# Off Season



## hunter14 (Oct 14, 2009)

3D, video games, bike, goes by quick


----------



## BowBoy78 (Aug 17, 2009)

sports take up most of my time
but i fish and snag at the river
snaged a 24 pound asian carp the other day at keokuk


----------



## cali hunter (Oct 31, 2009)

3-d and bass and striper fishing.
and my favorite bowfishing the carp should be coming up soon with 80 degree weather


----------



## PA3-DArcher4 (Nov 5, 2008)

sports, PRACTICE!, 3D, groundhog huntin, turkey huntin, scouting, some video games, 4wheeler


----------



## Ignition kid (Oct 7, 2008)

I shoot a little bit of 3-d, trap, sporting clays, and hog hunt.


----------



## I'm Not Ted (Feb 12, 2009)

Track and weight lifting for now, football soon, and practicing. Bowfishing will be good soon too...


----------



## Ignition kid (Oct 7, 2008)

I'm Not Ted said:


> Bowfishing will be good soon too...


+1! I want to go bowfishing this year, haven't done it before, and I'm in one of the bests states to do it!


----------



## I'm Not Ted (Feb 12, 2009)

Yep, may take a trip tomorrow as the temps have been WAAAAY up this week.

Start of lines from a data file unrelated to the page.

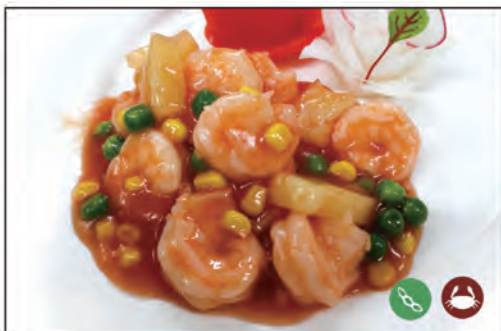
156/ GAMBERI AGRODOLCE €7.00 gamberi*, mais e piselli in salsa agrodolce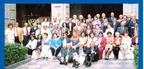
El grupo de preparatorianos 1920-1924 A.C., celebra su tradicional comida de la amistad PAG. 2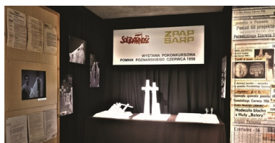
Projekty zgłoszone w konkursie na Pomnik Poznańskiego Czerwca 1956.

Po przekroczeniu progu muzeum znajdujemy się w mieszkaniu typowej poznańskiej rodziny z lat pięćdziesiątych XX w., dla której pielęgnowanie tradycji i pamięci o przodkach było wartością samą w sobie. Twórcom ekspozycji zależało na tym, aby pokazać, że walka o polskość toczyła się przede wszystkim za zamkniętymi drzwiami mieszkania. Poczucie własnej tożsamości skonfrontowane z niesprawiedliwością i wyzyskiem dało swój wyraz 28 czerwca 1956 r. na ulicach Poznania.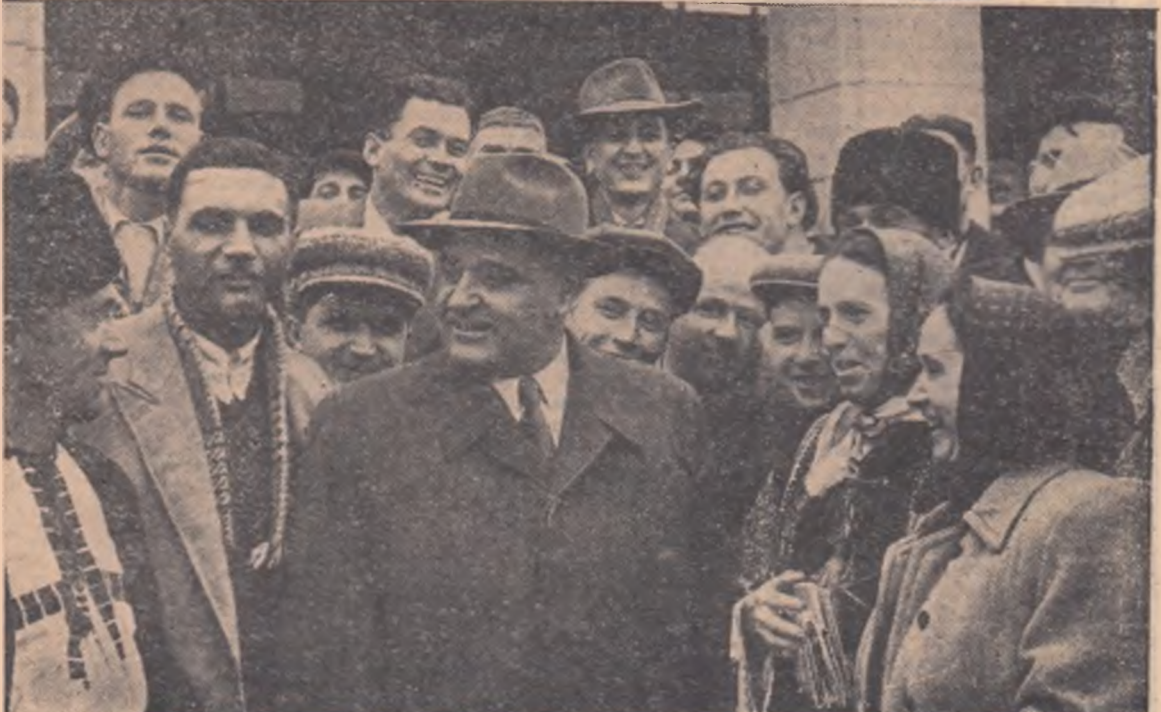
Tovarășul Gh. Gheorghiu-Dej în mijlocul delegațiilor, după încheierea lucrărilor consfătuirii.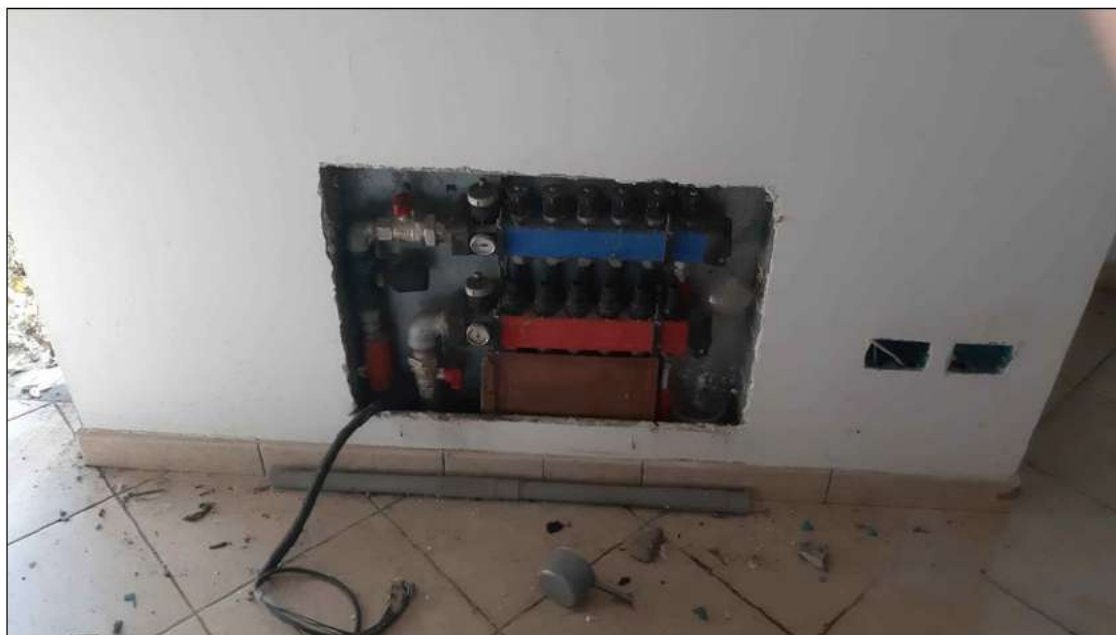
foto 13 - particolare della centralina di derivazione del riscaldamento in parte vandalizzata.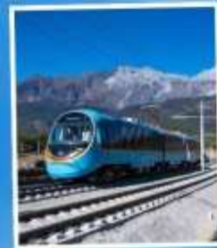
รถไฟชมวิอรอบ ภูเขาหิมะมังกรหยก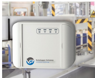
Data logger for machine monitoring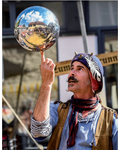
Gaukler Patut

Am Freitag, dem 8. November, können Nachtschwärmer und Familien mit Kindern von 16 Uhr bis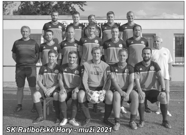
SK Ratibořské Hory - muži 2021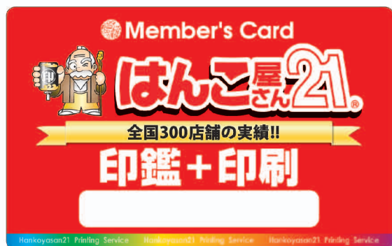
メンバーズカード1「赤」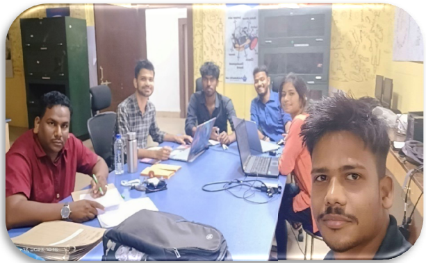
Our Management team Staffs at Adventure temporary office at Govt. ITI, Bhubaneswar.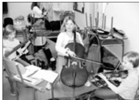
Praha-přípravy na celostátní kolo Dětské porty

Členové oddílu Vodáků se snaží maximálně využít času a vody na našich tocích. Za dobu své existence sjedlili na lodi téměř všechny české i mo-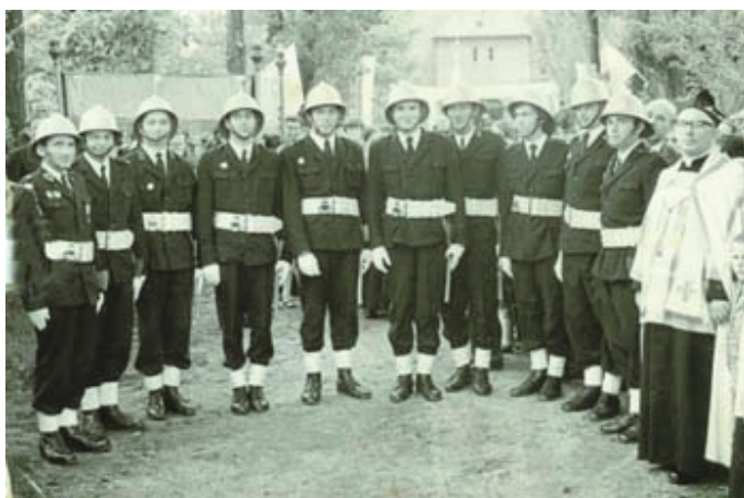
Zatrzymać czas- OSP Rojewo str. 11-12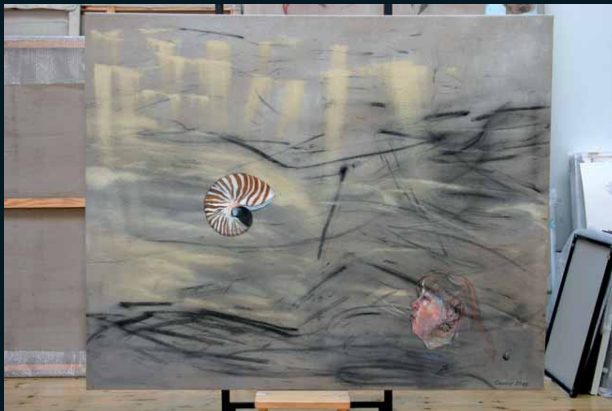
Puhaltaa kaakosta 2005 130 x 160 kvartsihiekkä, hiili, tuhka, pigmentti, akryyli kankaalle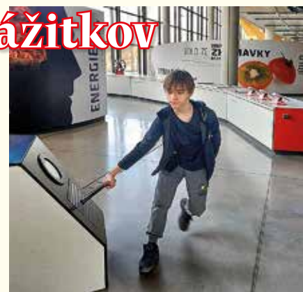
V technickom múzeu v Ostrave

» Skvelý deň prežili aj žiaci z I. stupňa. Vybrali sa do Oravskej dediny v Zuberci na podujatie Zahrajme sa ako kedysi. Vyskúšali si tu tradičné remeslá našich predkov ako sú drotárstvo, tkáčstvo, garbiarstvo, výrobu sviečok...Svoje výrobky si potom hrdo odnášali domov. Zaujímavosťou pre nich bolo aj vyučovanie v historickej škole, kde sa písalo gríflom na tabuľky alebo pierkom namočeným v kalamári. Malovali na sklo a dozvedeli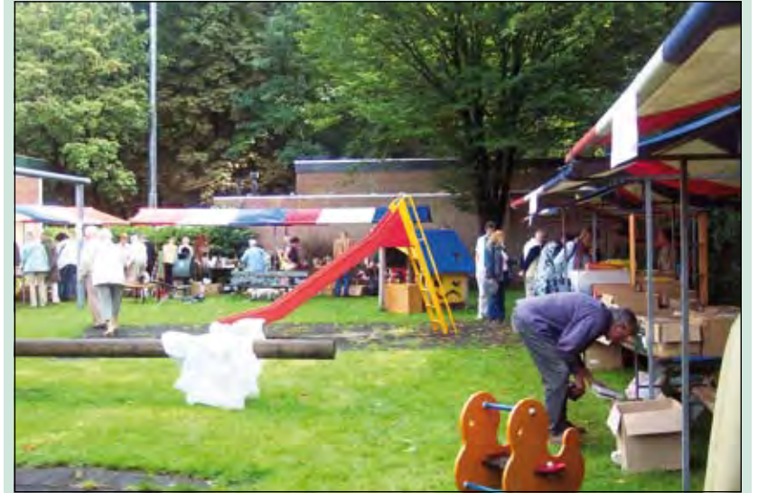
Een goede opkomst bij de kraampjes van de Zomermarkt in Lage Vuursche.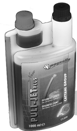
Puli-Jet plus New con anticalcare Puli-Jet plus New with anti-scaling agent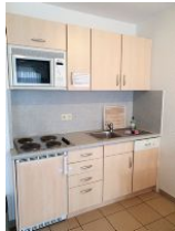
Die Küche ist nicht groß, aber gut ausgestattet.

The water should be warming up.


----------



## Diamond_Archer (Apr 8, 2010)

I have been shooting 3Ds, going turkey hunting in a week, and bow fishing soon.


----------



## kegan (Aug 28, 2006)

Shooting, building/working, and school.


----------



## muzzyman1212 (Mar 28, 2009)

*offseason*

mainly kayaking and baseball


----------



## hoytalphamax (Jan 26, 2009)

Spots,3D,Coyote huntin,Turkey Huntin,Lookin at deer in the summer see what the heards lookin like theres always something


----------